E-mail Your Rep, Your Rep's District Manager, His Boss, The Boss Above His Boss, the TR Legal Czar if You Know His Name. My earlier commentary on this stunt remains by and large applicable. This appears to be happening only in the private sector for the moment. At least at my little county law library, I haven't seen the "Search WestlawNext Now: Improve your research efficiency by 64% with WestlawNext. Your organization has access to the advanced search engine and improved design of Westlaw Next. Go there now and begin increasing your productivity!" message yet, and can't login into WLN under my OnePass account. However I've informed my rep and his district manager in no uncertain terms that WLN access is to be prohibited under our accounts; that no click-thru for fee-based "trial" access via messaging is to be allowed, and that no free temporary WLN access is to be offered to any account holder unless by me.

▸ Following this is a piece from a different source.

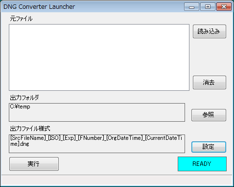 Adobe DNG Converter自身でもGUIのフロントエンドはありますが、あえて別のフロントエンドを作成した目的は、作成したファイル名にISO感度や露出時間などを付加することにより後続の処理を行いやすくするためです。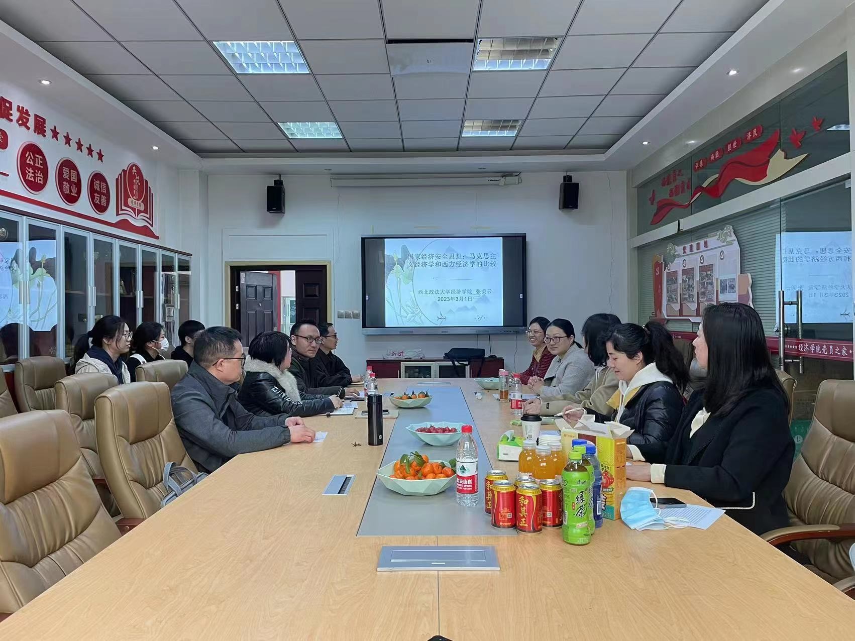 2023年3月1日中午12:00-14:30,澳门新葡京娱乐城 主办的系列学术研讨会2023年第1期在长安校区关天澳门新葡京娱乐城 研究中心顺利举行。国际经济与贸易系副教授张美云作题为《习近平总书记关于国家经济安全重要论述研究》的学术报告。讲座由澳门新葡京娱乐城 副院长陈小勇教授主持,刘运转副教授、嵇正龙副教授、王留鑫副教授、李蔚博士、梁娟娟博士、刘东霞博士、王林博士、孙陵霞博士、徐建卫博士、张妤婕博士等与谈。研讨会筹备和举办期间还得到了西北大学经管澳门新葡京娱乐城 宋宇教授、华侨大学经济与金融澳门新葡京娱乐城 郭丽教授等前辈的指导和支持。

"Hi, I'm a law library director and my name is Joe. I am responsible for Westlaw contracting. fiscal management and payments." TR Legal, I think, needs to hear this from the law library community because I doubt our professional association is going to lift a finger to put one on a keyboard to send a public message to the Company.
And Damn It All to Hell. I had a post that said something sort of positive about TR Legal but that got pushed aside for this. Maybe latter this week, but not tomorrow or Thursday for that matter. [JH]
May 25, 2010 in Electronic Resource, Products & Services, Publishing Industry | Permalink
Comments
They were specifically told that we did not want to do a trial of the product at this time, free or otherwise.